Answer: A, C
A strict order is irreflexive and transitive. Let the relation $R$ is on $A = \begin{Bmatrix} 1, 2, 3 \end{Bmatrix}$
A: Every strict order is asymmetric: Let $R = \begin{Bmatrix}(1,2), (2, 3), (1,3) \end{Bmatrix}$. Now if I try to add an ordered pair $(2, 1)$ to make it symmetric then that forces me to include at least two more ordered pairs which are $(1, 1)$ and $(2,2)$ to keep it transitive but that disregards the irreflexive property. So that is true.
B: Every strict order is a total order relation: A total ordered relation (and even the partial order relation for that matter) must have the following three properties:
- Reflexive
- Antisymmetric
- Transitive
Since a strict order is irreflexive, it can NEVER be a TOR.

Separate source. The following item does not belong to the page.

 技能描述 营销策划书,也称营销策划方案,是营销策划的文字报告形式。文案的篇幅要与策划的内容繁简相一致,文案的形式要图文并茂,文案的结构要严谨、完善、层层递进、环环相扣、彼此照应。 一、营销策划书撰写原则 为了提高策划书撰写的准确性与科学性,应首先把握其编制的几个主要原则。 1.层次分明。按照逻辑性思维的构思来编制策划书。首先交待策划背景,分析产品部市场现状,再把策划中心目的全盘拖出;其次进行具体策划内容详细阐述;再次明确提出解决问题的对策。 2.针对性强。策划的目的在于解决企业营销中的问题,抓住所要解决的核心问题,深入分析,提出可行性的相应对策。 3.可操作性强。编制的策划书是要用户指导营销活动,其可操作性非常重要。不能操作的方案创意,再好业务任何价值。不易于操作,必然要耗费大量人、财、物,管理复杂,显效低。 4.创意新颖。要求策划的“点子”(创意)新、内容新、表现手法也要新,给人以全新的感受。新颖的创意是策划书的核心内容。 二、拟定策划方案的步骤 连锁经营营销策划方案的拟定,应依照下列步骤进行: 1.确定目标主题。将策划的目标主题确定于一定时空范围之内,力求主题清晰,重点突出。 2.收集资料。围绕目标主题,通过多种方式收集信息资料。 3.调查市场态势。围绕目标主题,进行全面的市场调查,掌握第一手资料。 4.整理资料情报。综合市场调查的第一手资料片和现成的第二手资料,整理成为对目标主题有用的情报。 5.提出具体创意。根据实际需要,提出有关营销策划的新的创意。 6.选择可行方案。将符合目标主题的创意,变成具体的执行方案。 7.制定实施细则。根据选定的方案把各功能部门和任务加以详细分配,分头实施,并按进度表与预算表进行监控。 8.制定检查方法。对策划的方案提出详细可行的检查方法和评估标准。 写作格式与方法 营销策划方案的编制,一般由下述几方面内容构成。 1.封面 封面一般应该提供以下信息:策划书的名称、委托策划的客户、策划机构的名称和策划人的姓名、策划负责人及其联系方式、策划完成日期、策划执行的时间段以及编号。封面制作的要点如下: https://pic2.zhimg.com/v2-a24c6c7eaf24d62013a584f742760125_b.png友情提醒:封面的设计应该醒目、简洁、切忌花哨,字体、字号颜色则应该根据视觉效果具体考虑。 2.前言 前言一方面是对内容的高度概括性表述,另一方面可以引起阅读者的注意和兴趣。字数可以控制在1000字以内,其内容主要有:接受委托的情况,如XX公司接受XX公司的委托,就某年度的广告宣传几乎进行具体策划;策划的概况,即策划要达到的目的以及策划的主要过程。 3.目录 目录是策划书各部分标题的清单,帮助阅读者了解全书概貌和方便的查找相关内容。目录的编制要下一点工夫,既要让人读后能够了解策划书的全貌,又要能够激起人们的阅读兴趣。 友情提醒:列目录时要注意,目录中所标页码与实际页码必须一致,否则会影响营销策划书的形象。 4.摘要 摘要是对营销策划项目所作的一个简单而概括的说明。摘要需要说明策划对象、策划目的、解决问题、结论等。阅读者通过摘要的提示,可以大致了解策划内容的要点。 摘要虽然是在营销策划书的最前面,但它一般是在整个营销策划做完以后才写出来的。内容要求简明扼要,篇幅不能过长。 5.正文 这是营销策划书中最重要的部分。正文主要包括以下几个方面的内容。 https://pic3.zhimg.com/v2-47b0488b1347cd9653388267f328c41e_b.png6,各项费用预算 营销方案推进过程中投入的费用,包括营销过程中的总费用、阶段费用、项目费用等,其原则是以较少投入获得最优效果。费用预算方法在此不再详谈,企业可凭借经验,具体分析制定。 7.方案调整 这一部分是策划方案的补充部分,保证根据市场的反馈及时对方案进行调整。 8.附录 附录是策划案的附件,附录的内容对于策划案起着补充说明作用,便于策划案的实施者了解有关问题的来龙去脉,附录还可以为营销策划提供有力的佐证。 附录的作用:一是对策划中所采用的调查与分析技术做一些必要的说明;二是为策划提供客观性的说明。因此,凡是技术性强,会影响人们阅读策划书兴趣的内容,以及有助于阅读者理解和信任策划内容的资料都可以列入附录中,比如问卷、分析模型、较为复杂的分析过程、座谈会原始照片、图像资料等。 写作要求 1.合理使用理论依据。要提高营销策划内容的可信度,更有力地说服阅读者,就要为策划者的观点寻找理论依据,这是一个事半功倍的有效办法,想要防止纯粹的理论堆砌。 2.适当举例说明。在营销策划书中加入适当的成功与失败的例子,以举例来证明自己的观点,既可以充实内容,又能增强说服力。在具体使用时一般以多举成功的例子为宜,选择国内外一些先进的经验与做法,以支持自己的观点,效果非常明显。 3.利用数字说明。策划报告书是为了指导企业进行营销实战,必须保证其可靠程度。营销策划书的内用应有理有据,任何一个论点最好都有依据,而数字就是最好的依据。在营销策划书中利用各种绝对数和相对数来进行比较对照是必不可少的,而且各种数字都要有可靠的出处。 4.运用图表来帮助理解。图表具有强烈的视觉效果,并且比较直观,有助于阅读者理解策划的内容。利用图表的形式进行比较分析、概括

C: Every strict order is antisymmetric: $\forall a,b \in A \begin{pmatrix} (a, b) \in R \Lambda (b,a) \in R => a=b \end{pmatrix}$
This is Vacuously true as both $(a, b)$ and $(b, a)$ together never belongs to $R$. So the antecedent is false making this implication true.
D: Every relation which is both Irreflexive and Asymmetric is in strict order: Let $R = \begin{Bmatrix}(1,2), (2, 3)\end{Bmatrix}$. It is both irreflexive and asymmetric but not strict ordered because it is not transitive.